In one of our subsequent conversations, I said to him, “You don’t give a fuck about my disability, do you?” And his answer was, “Of course not.” Tim taught me to be authentically myself and not give a shit about my diagnosis or what other people think about me. While this has always been my attitude from a very young age, I lost it as a university student. What’s funny is Tim has absolutely no filters and tells me things as it is. He’ll sometimes ask me if I want to drink, and we talk about wildly inappropriate things that drive me a little bonkers. He even asked me if I could have sex and questions that the ordinary person would not necessarily ask, but that’s what I like about him because he truly is genuine.

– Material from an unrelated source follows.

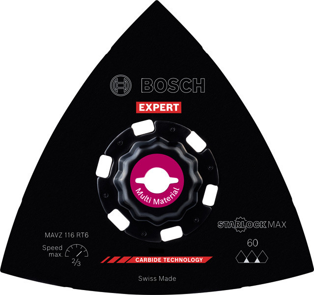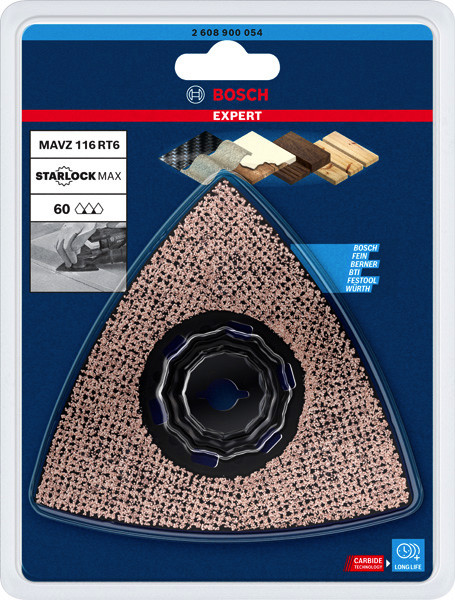Hohe Lebensdauer beim Schleifen von verschiedensten Materialien! Die Delta-Form ermöglicht das Schleifen von Ecken und Kanten Kleine, aber harte Schleifarbeiten zum Entfernen von altem Material und zum Vorbereiten von Oberflächen sind mit herkömmlichen Schleifmaschinen oder von Hand fast unmöglich zu erledigen. Selbst wenn du die Oberfläche erreichen kannst, reißt das Schleifpapier ein. Mit der EXPERT Sanding Plate kannst du jedoch mit deinem oszillierenden Multifunktionswerkzeug Ecken erreichen und schwierige Materialien schleifen. Die groben, offenen Körner des RT2 (Körnung 20) eignen sich am besten zum Entfernen von Mörtel hinter Fliesen, von Teppichkleber oder für die Grobbearbeitung von Holz. Der RT4 (Körnung 40) eignet sich am besten zum Entfernen von dickem Lack, er kann aber auch mit Mörtel und Kleber umgehen. Der RT6 (Körnung 60) ist der Lackspezialist, während der RT10 (Körnung 100) ideal zum Schleifen und Vorbereiten sauberer Holzoberflächen geeignet ist. Überragende Lebensdauer dank Bosch Carbide Technology

I know this type of friendship is hard to come by or virtually impossible for some differently-abled people due to developmental or physical limitations. Still, for those of us who are, our story can serve as an example of what is possible when we step out of our comfort zones. We are all different, so let’s embrace that. And the truth of the matter is Tim is not an exceptional case. We can all be like him if we put our guard down, see into the core of that differently-abled person, and say, “You’re just like me.”

Tim and I are a lot more similar than we are different. Our friendship continues to grow to this day and no matter what happens our bond will never break, as illustrated by this one last story. One day, we were sitting outside of the dining hall and I was just going over how he was feeling and talking about his anxiety. He said something I’ll never forget. He said, “I hope I die before you.” That is very morbid and I understand that but it shows his true measure of his friendship. I hope everyone finds a friend like Tim.

This story has been updated with minor edits.